I would like to have a custom skill, but it would need direct access to the users voice (our output of a recorded audio). Can/will Alexa relay the stream rather than sending the request invocations (launch/intent/session-end)?

I understand custom skills can send back mp3s as responses, but being able to gain access to the actual voice requests, either the stream or a mp3, would be awesome.

Edit:

It seems that there is not a provided mp3 in the request object: https://developer.amazon.com/public/solutions/alexa/alexa-skills-kit/docs/alexa-skills-kit-interface-reference#LaunchRequest

2

2 Answers

16
votes

Alexa does not provide this service.

Having an always-on device in a domestic setting, that can hear everything said, plus background noise, and side conversations, is a huge security concern.
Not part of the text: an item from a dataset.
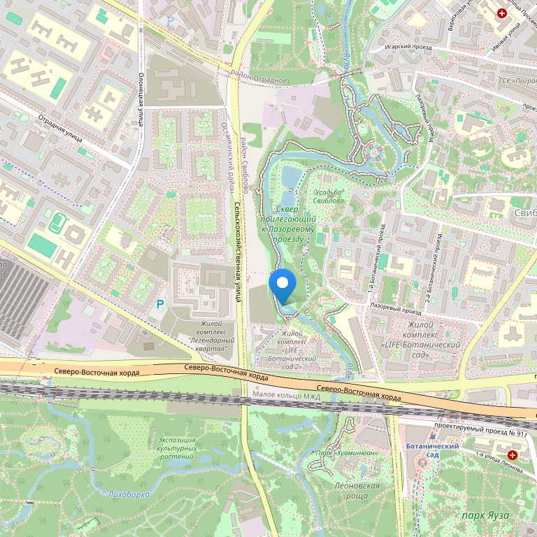 Отель расположен в 10 минутах езды на метро от центра города, в 5 минутах ходьбы от станции метро «Ботанический сад», недалеко от облагороженной набережной Яузы, старинной усадьбы «Свиблово» и Ботанического сада.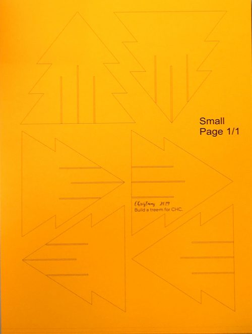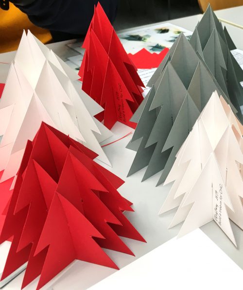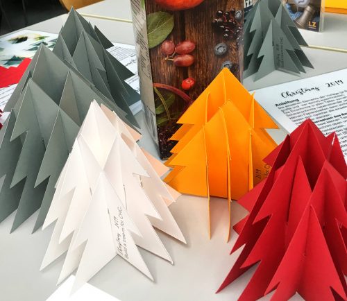 Bei gemeinsamen Treffen werden Weihnachtsbäume aus Tonkarton-Vorlagen ausgeschnitten und zu einem dekorativen, dreidimensionalen Tannenbaum zusammengesteckt. Gefertigt werden die Bäume in zwei Größen und fünf unterschiedlichen Farben. Materialpakete inklusive Anleitung werden zur Verfügung gestellt.

Amazon mitigates this concern by filtering the input, performing the difficult Speech-to-text work, and only providing the resulting text. (After further processing by your interaction model.)

-1
votes

In short, no - I can't find anywhere specifically in the documentation but I just created a Python library that encapsulates all the JSON structures, so I know you can't do this yet.

The only control over audio is 'output' through embedding links in SSML.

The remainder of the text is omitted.